In other words, prove that \( \sqrt{2} \) is irrational.

Step-by-Step Proof (By Contradiction)

Suppose, for contradiction, that \( \sqrt{2} \) is rational.

Then we can write:

\[ \sqrt{2} = \frac{a}{b} \]

where \( a \) and \( b \) are integers with no common factors (i.e., the fraction is in lowest terms).

\[ \left(\frac{a}{b}\right)^2 = 2 \Rightarrow \frac{a^2}{b^2} = 2 \Rightarrow a^2 = 2b^2 \]

So \( a^2 \) is even, which means \( a \) must also be even (since the square of an odd number is odd).

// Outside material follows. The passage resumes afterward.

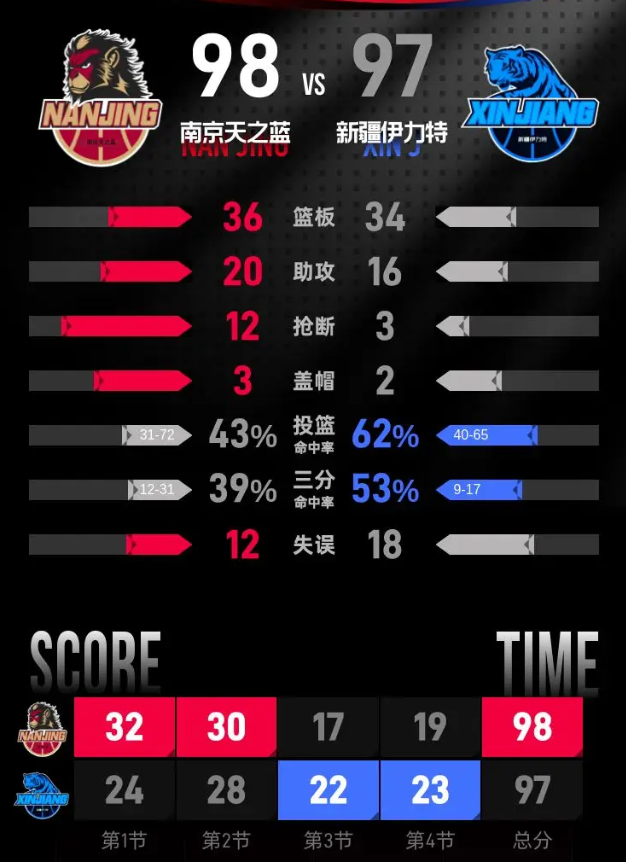 第四节,南京天之蓝开局强势,通过一波迅猛的攻势将分差扩大至82-75。随后新疆伊力特奋起直追,不仅将比分抹平,还一度领先南京天之蓝9分。然而,在比赛的后段,南京天之蓝逐渐缩小分差,扭转了局势。这一节中,南京天之蓝的杰伦·汉兹表现亮眼,独得15分,其中包含1记三分。最终,南京天之蓝以98-97赢得比赛。

Let \( a = 2k \) for some integer \( k \).

\[ (2k)^2 = 2b^2 \Rightarrow 4k^2 = 2b^2 \Rightarrow b^2 = 2k^2 \]

So \( b^2 \) is also even → \( b \) is even.

Now we’ve concluded that both \( a \) and \( b \) are even, which means they share a common factor of 2.

But that contradicts our assumption that \( \frac{a}{b} \) was in lowest terms.

Final Answer

\( \sqrt{2} \) cannot be expressed as a ratio of two integers.
Therefore, \( \sqrt{2} \) is irrational.